Passa un’oretta e D’Alema dichiara: “Sono del tutto d’accordo con Bersani: ha giustamente ricordato una procedura che mi è nota, cioè che è l’organismo collegiale che decide. Ha ragione, non spetta a lui e d’altro canto non mi ero rivolto a lui ma al partito”. Titolo di Repubblica: “Bersani: non chiedo a D’Alema di ricandidarsi. La replica: decide il partito, non lui”. In pratica, la descrizione sintetica di uno scazzo terribile tra il segretario e una delle personalità più autorevoli del Pd. Peccato che non solo stessero dicendo la stessa cosa, ma stessero pure dicendo una banalità. Come dice la mia amica Giovanna, infatti, “pensa se il segretario avesse detto che nel caso di D’Alema non si applica lo statuto”.

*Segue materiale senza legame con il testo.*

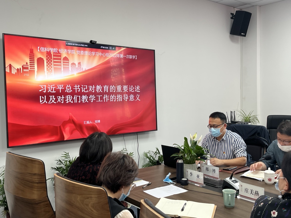 本次联学以“深入学习领会习近平总书记关于教育的重要论述与重要指示批示精神,促进学校教育事业高质量发展”为主题进行集体学习交流,我院副院长邢博、经济学院副院长李亚作主题发言。
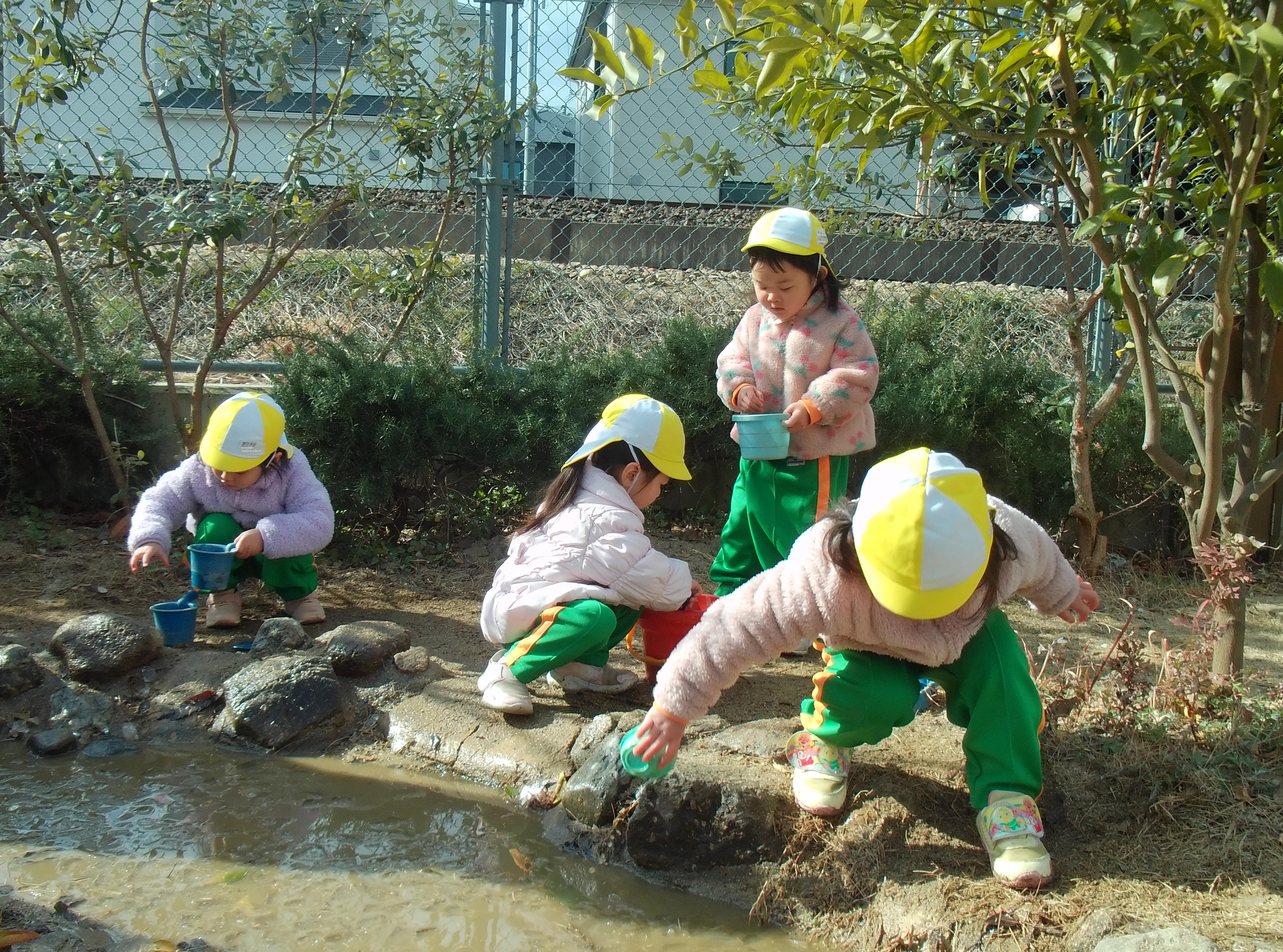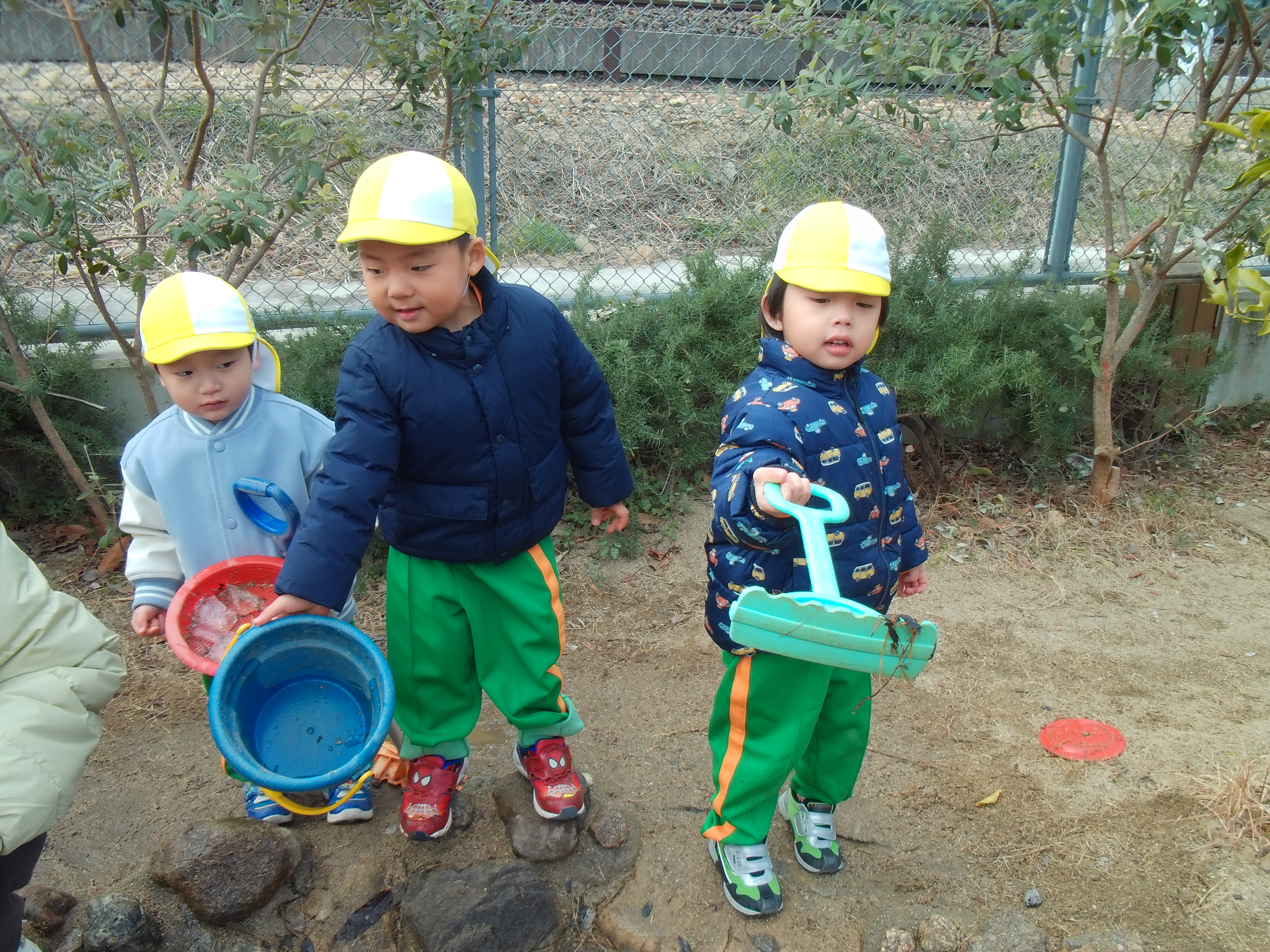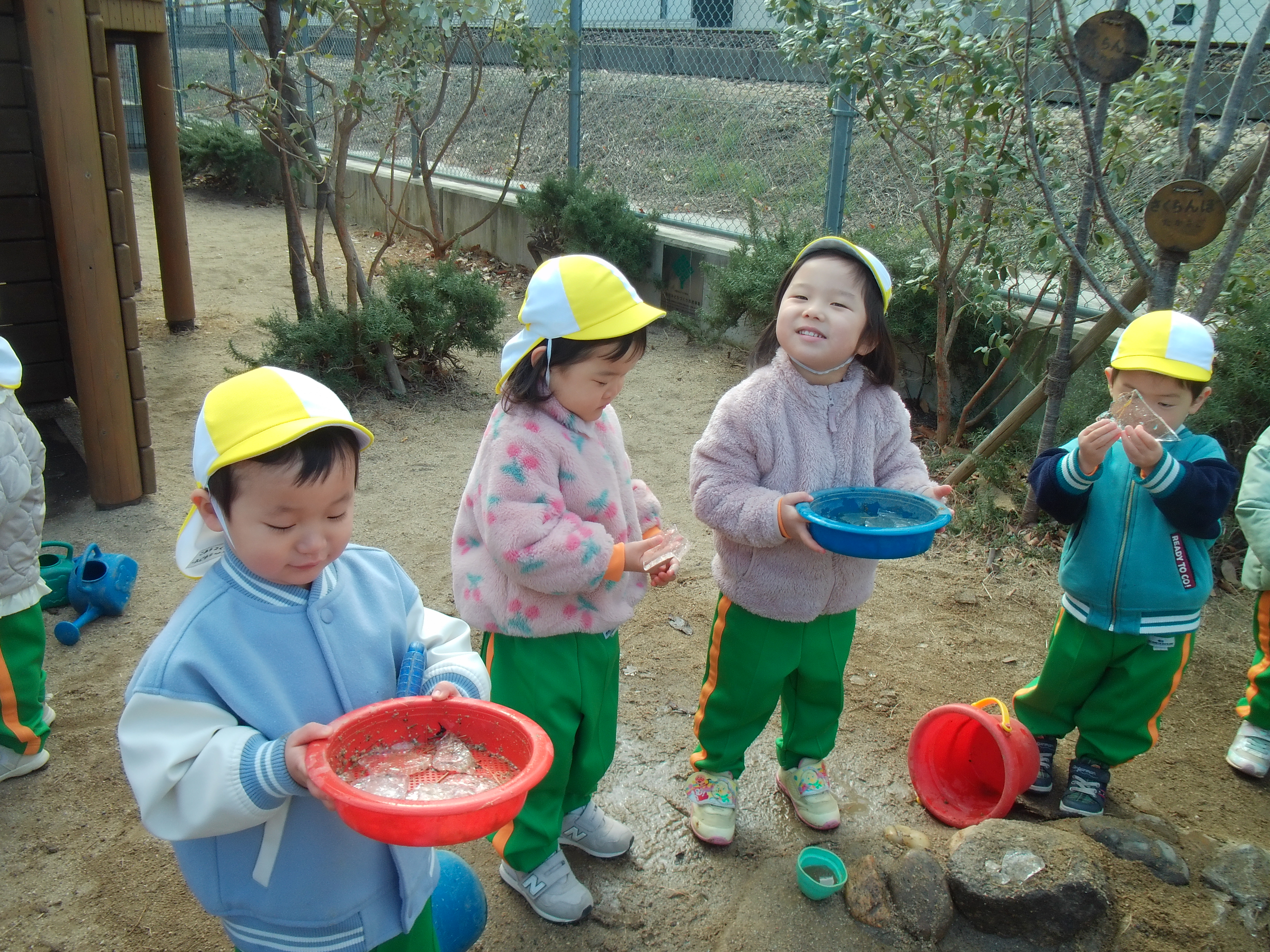 「きゃ~!」「いっぱい氷ある!」と大興奮の子ども達!とっても寒い中、氷を手で掴んで「みて~!」「おっきいのあった~!」と嬉しそうに見せてくれました♪

Allora, facciamo così: io ho capito che siamo nell’epoca di twitter e che i titoli sono titoli e tutto quanto. Però scusate, non potremmo essere un po’ più seri, almeno quando parliamo di un partito serio, almeno nelle intenzioni e nelle regole che si è dato, in cui a differenza che da altre parti dire “decide il partito” non è la stessa cosa che dire “decide il segretario”? Sennò va a finire come m’ha detto prima mio fratello: “Bisogna che sto attento a non dire in pubblico che voglio bene a Bersani. Sennò capace che Repubblica titola ‘Bersani è gay'”.

Nella foto, una recente dichiarazione di Massimo D’Alema sulle primarie del centrosinistra

8 Responses to Bersani e D’Alema. Tra virgolette

  1. Quello di Veltroni é un gesto nobile, ma é una scelta personale e, soprattutto, frutto della sconfitta.
    Ho molto apprezzato questo bel commento, che vi propongo, http://www.orticalab.it/La-scelta-nobile-di-uno-sconfitto
    Il resto é fuffa e voglia di metter zizzania dove proprio non ce n’é bisogno

  2. Dimostrazione, la tua di giornalismo vero! I penni-vendoli sono come i pennu-ti: poco cervello e tanta cresta.

  3. D’Alema a giugno (me lo ricordo perché presiedevo un dibattito ad una Festa Democratica e lo dissi al pubblico, disse che non si sarebbe più candidato.
    Ne dice tante, di cose, D’Alema.

  4. Matilde Madrid

    Chiaragione è il miglior titolo che potessi scegliere per il tuo blog. Perché pure stavolta… Insomma… hai ragione.

  5. …e meno male che gli era andato in casa. Se dovevano basarsi sul sentito dire o sulle voci di corridoio come fa una certa giornalista a quest’ora chissà dove si finiva…

  6. antonio madera

    tutta vera l’analisi fatta.
    ma i protagonisti sanno come funzionano i giornali.
    saggezza imporrebbe di parlare di politica e rispondere a fastidiose domande: decideremo al momento dedicato alle liste.
    rispondere diversamente la fa diventare una Soap
    L’autostima mirabolante degli attori la esalta!
    il conto alla Sinistra!

  7. chiara grossi

    In effetti il problema è proprio questo, si leggono solo i titoli o, al massimo, si ascoltano le rassegne stampa. Deleterio e fuorviante. Comunque così funziona, basta saperlo e non farsi fagocitare dalle quattro parole “strillate” e prendersi il fastidio di andare a leggere…

  8. Filippo Crescentini

    Brava. Cos’altro vuoi che ti si possa dire?